Designing an OO System and Unit Test Friendly Query System

I am working on an application that allows dentists to collect information about certain clinical activities. While the app is not very customizable (no custom workflows or forms), it offers some rudimentary customization options; customers can choose to augment the predefined form fields with their own. There are about fifteen different types of fields that admins can create (i.e. Text, Date, Number, Dropout, etc.). We are using Entity-Attribute-Value (EAV) on the persistence side to model this functionality.

One of the other key features of the app is the ability to create custom queries against these custom fields. This is achieved using a user interface where any number of rules can be created (Date <= (Now - 5 Days), Text Like '444', DropDown == 'ICU'). All the rules are AND'ed together to create a query.

The current implementation (which I "inherited") is neither object-oriented nor verifiable. Essentially, there is one God class that will compile all types of plural rules directly into a complex dynamic SQL statement (ie, Inner Joins, Outer Joins, and Subqueries). This approach is troubling for several reasons:

  • Testing individual rules in isolation is nearly impossible.
  • This last point also means the addition of additional rule types in the future will most definitely violate the Open Close Principle.
  • Business logic and persistence concerns are combined.
  • Slow unit tests since a real database is required (SQLLite cannot parse T-SQL and mocking the parser would be uh ... difficult)

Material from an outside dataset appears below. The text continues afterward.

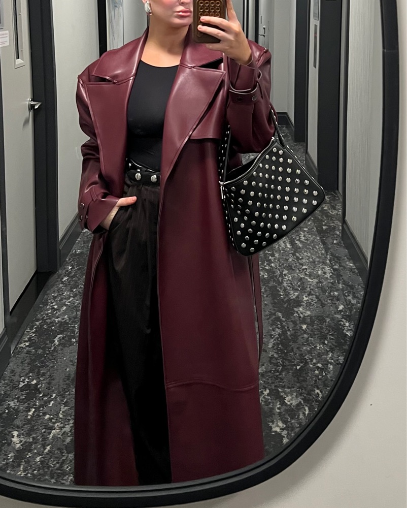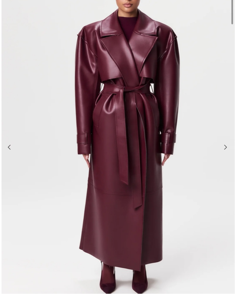 Burgundy Faux Leather Trench Coat
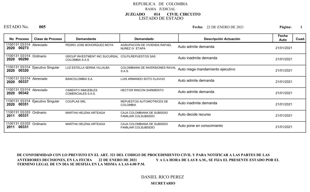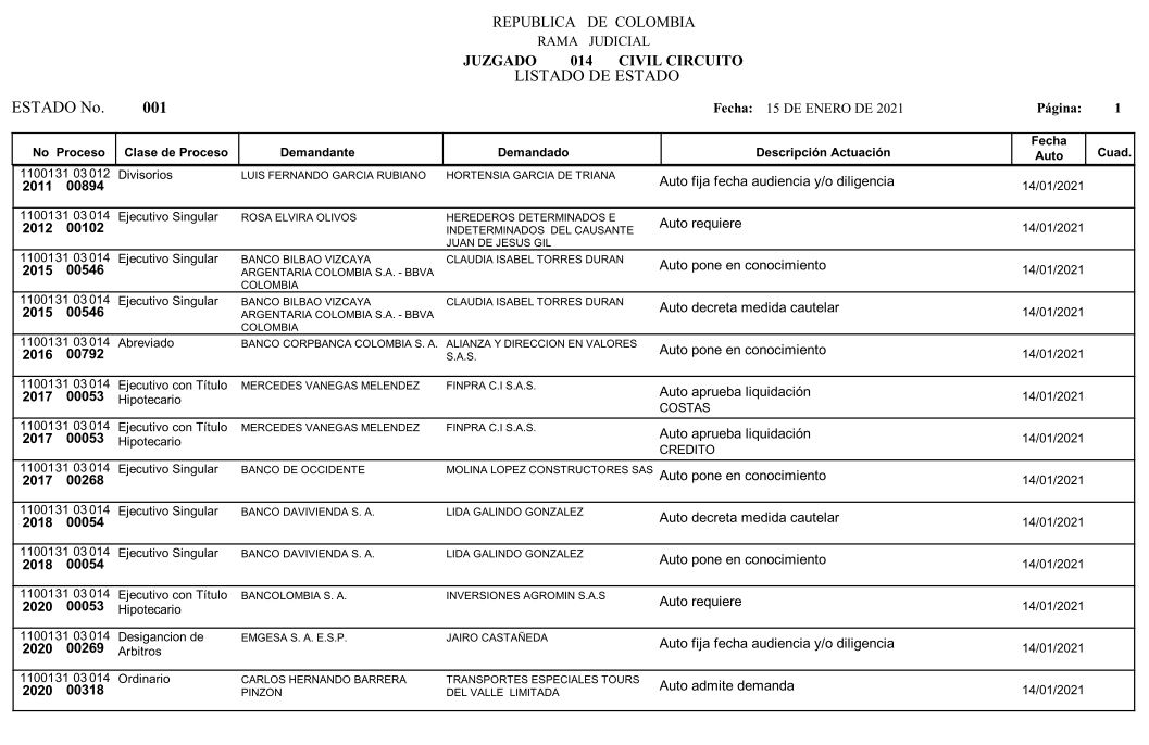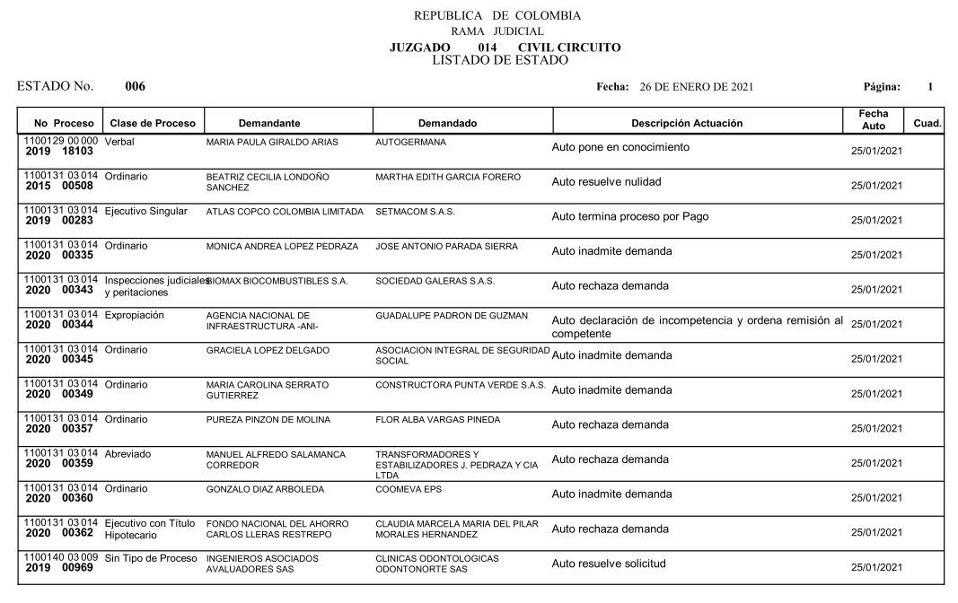 Lista de procesos Art. 124

I'm trying to come up with a replacement design that is flexible, maintainable, and testable, while keeping query performance fairly fast. This last point is key, as I am assuming that the OOAD implementation will move at least some of the data filtering logic from the database server to the .NET application server.

I am considering a combination of Command and Chain-of-Responsibility patterns:

The Query class contains a set of abstract rule classes (DateRule, TextRule, etc.). and contains a reference to the DataSet class that contains the unfiltered dataset. The DataSet is modeled in a persistence agnostic aspect (i.e. no references or hooks to database types)

The rule has a single Filter () method that takes in the DataSet, filters it appropriately, and then returns it to the caller. The Query class rather than simply iterates over each rule, allowing each rule to filter the DataSet as it sees fit. Execution will stop as soon as all rules are met or when the DataSet has been filtered to zero.

The only thing that bothers me with this approach is the performance implications for parsing a potentially large unfiltered dataset in .NET. Surely there are some reliable approaches to solving just such a problem that strike a good balance between maintainability and performance?

One final note: management will not allow NHibernate to be used. Linq to SQL might be possible, but I'm not sure how applicable that technology would be related to this task.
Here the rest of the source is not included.